WASHINGTON -- While good-looking people are generally believed to receive more favorable treatment in the hiring process, when it comes to applying for less desirable jobs, such as those with low pay or uninteresting work, attractiveness may be a liability, according to research published by the American Psychological Association.
"Our research suggests that attractive people may be discriminated against in selection for relatively less desirable jobs," said lead author Margaret Lee, a doctoral candidate at the London Business School. "This stands in contrast to a large body of research that concluded that attractiveness, by and large, helps candidates in the selection process."
The research was published in the Journal of Personality and Social Psychology.
Lee and her colleagues conducted a series of four experiments involving more than 750 participants, including university students and managers who make hiring decisions in the real world.
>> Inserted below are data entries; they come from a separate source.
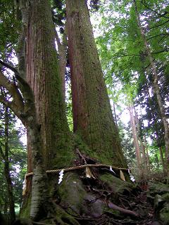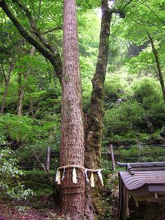 | 相生の杉 同じ根から生えた2本の杉 樹齢千年 相生は「相老」に通じ、夫婦共に長生きの意味 |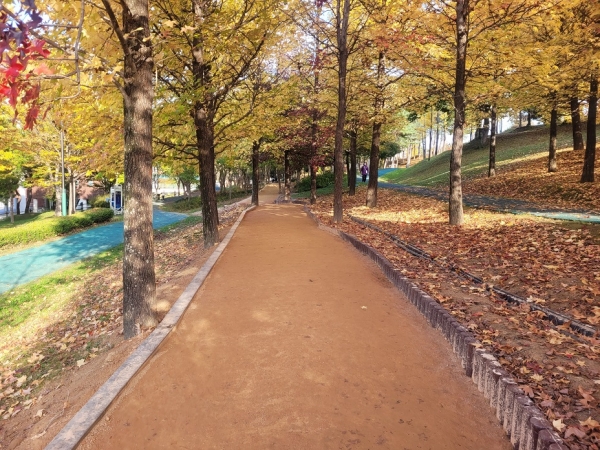 산책로는 황토와 마사토가 적절히 배합되어 이용자들이 다양한 질감의 산책로를 체험할 수 있어 만족도가 높을 것으로 기대된다.
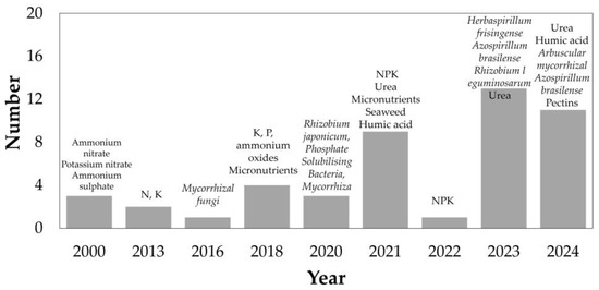 The growing variety of fertilizer-related compounds reflects a trend similar to that seen in pesticide applications. Figure 12 shows a significant increase in the diversity of compounds reported in the reviewed documents. Urea remains the most frequently cited substance [20,32,45,50,81,89,90], primarily due to its widespread use as a fertilizer, its high nitrogen content, and low cost. However, nutrient losses and runoff in agricultural systems presents a significant challenge [50].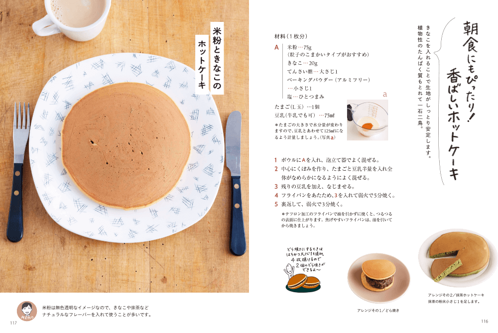 ホットケーキ、チヂミ、天ぷら、フォカッチャなど、米粉メニューも多数紹介。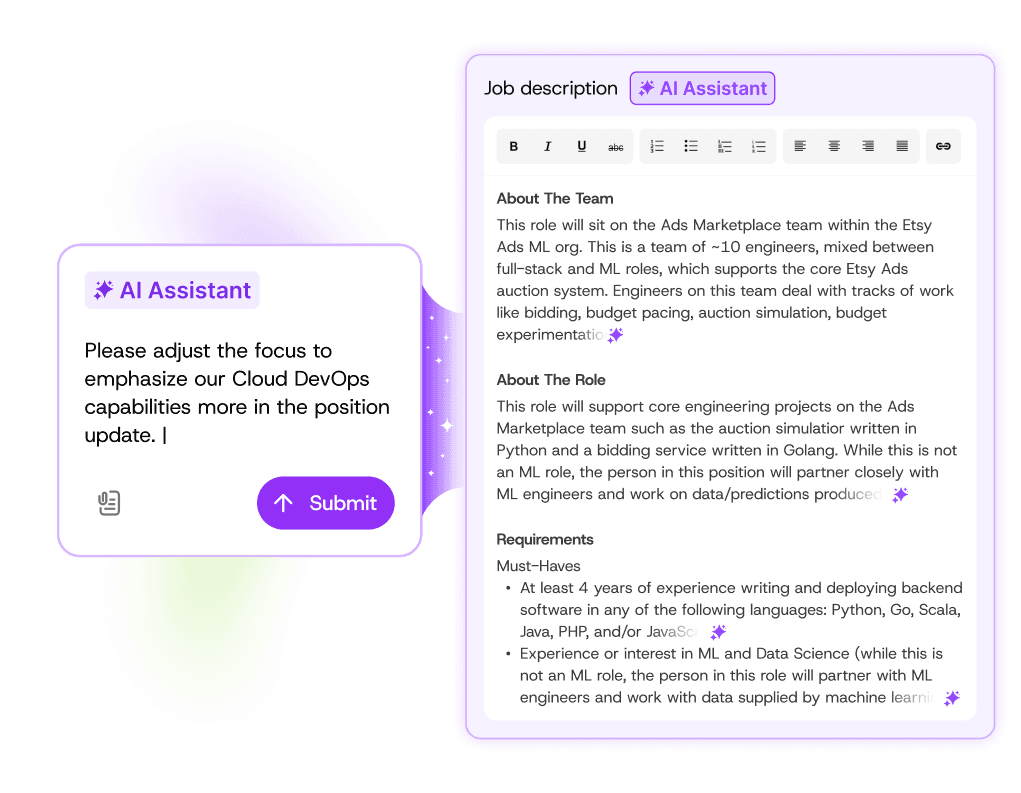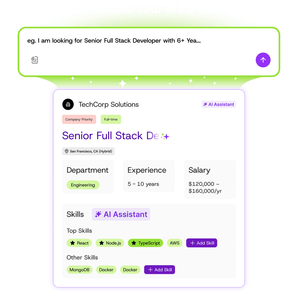 Our cutting-edge AI technology crafts precise, engaging role descriptions that attract top talent and streamline your entire hiring process.

Participants were shown profiles of two potential job candidates that included photos, one attractive and one unattractive (the photos were vetted by previous research to test attractiveness). The participants were then asked a series of questions designed to measure their perceptions of the job candidates and, in three of the experiments, whether they would hire these candidates for a less-than-desirable job (e.g., warehouse worker, housekeeper, customer service representative) or a more desirable job (e.g., manager, project director, IT internship).
In all three experiments where they were asked, participants were significantly less likely to hire the attractive candidate for the less desirable job and more likely to hire the attractive candidate for the more desirable job.
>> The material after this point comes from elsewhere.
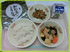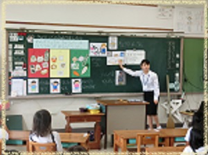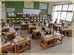 本日3時間目は栄養教諭実習生が1年い組で学級担任と連携した学級活動を行いました。この中でも今日の給食が国語で学習している「おむすびころりん」にちなんだものであることを児童に知らせるなど,まさに給食を生きた教材として活用したとても素晴らしい授業でした。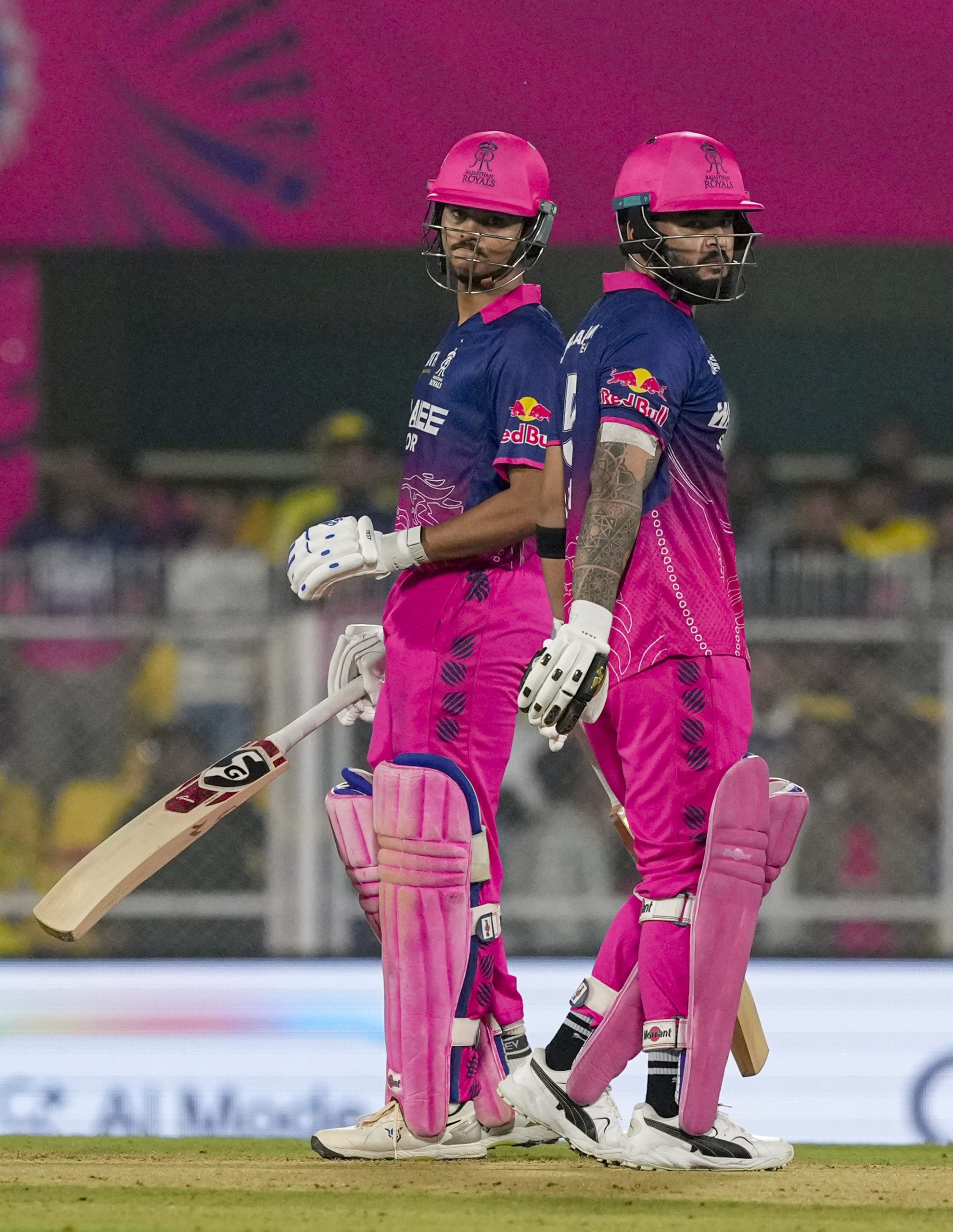 Guwahati: Rajasthan Royals’ captain Riyan Parag, right, and Yashasvi Jaiswal during an Indian Premier League (IPL) 2026 T20 cricket match between Rajasthan Royals and Chennai Super Kings, at ACA Stadium, Barsapara, in Guwahati, Assam, Monday, March 30, 2026. (PTI Photo/Swapan Mahapatra) (PTI03_30_2026_000504B) *** Local Caption ***

"We found that participants perceived attractive individuals to feel more entitled to good outcomes than unattractive individuals, and that attractive individuals were predicted to be less satisfied with an undesirable job than an unattractive person," said Lee. "In the selection decision for an undesirable job, decision makers were more likely to choose the unattractive individual over the attractive individual. We found this effect to occur even with hiring managers."
The findings were surprising because, based on prior research, the prediction would be that decision makers select the attractive candidate no matter the position, according to Lee.
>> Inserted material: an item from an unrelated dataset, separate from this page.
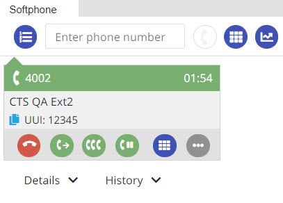 When the agent transfers or conferences a call, the value entered by the agent in the UUI field should pass through to the recipient. If the recipient transfers or conferences the call, the UUI input will be prefilled in the Transfer or Conference window.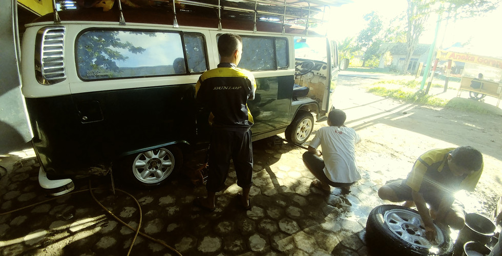 Kami harus bergegas mencari bengkel dikarenakan ban cadangan yang kami bawa juga kempes. Setelah satu ban teratasi kamipun akhirnya bisa berangkat ke bengkel terdekat untuk mengganti seluruh ban demi keamanan berkendara karena besok kami hendak melanjutkan perjalanan.

"The most interesting part of our findings is that decision makers take into consideration others' assumed aspirations in their decisions," said co-author Madan Pillutla, PhD, also of the London Business School. "Because participants thought that attractive individuals would want better outcomes, and therefore participants predicted that attractive individuals would be less satisfied, they reversed their discrimination pattern and favored unattractive candidates when selecting for a less desirable job."
This research suggests that the taken-for-granted view that attractive candidates are favored when applying for jobs might be limited to high-level jobs that were the predominant focus of past research, according to Pillutla. Therefore, organizations and policymakers may need to implement different measures from those assumed by past work if they are to curb discrimination in the hiring process, he said.
Article: "Perceived Entitlement Causes Discrimination Against Attractive Candidates in the Domain of Relatively Less Desirable Jobs," by Margaret Lee, BS, and Madan M. Pillutla, PhD, London School of Business; Marko Pitesa, PhD, Singapore Management University; and Stefan Thau, PhD, INSEAD. Journal of Personality and Social Psychology, published online Oct. 23, 2017.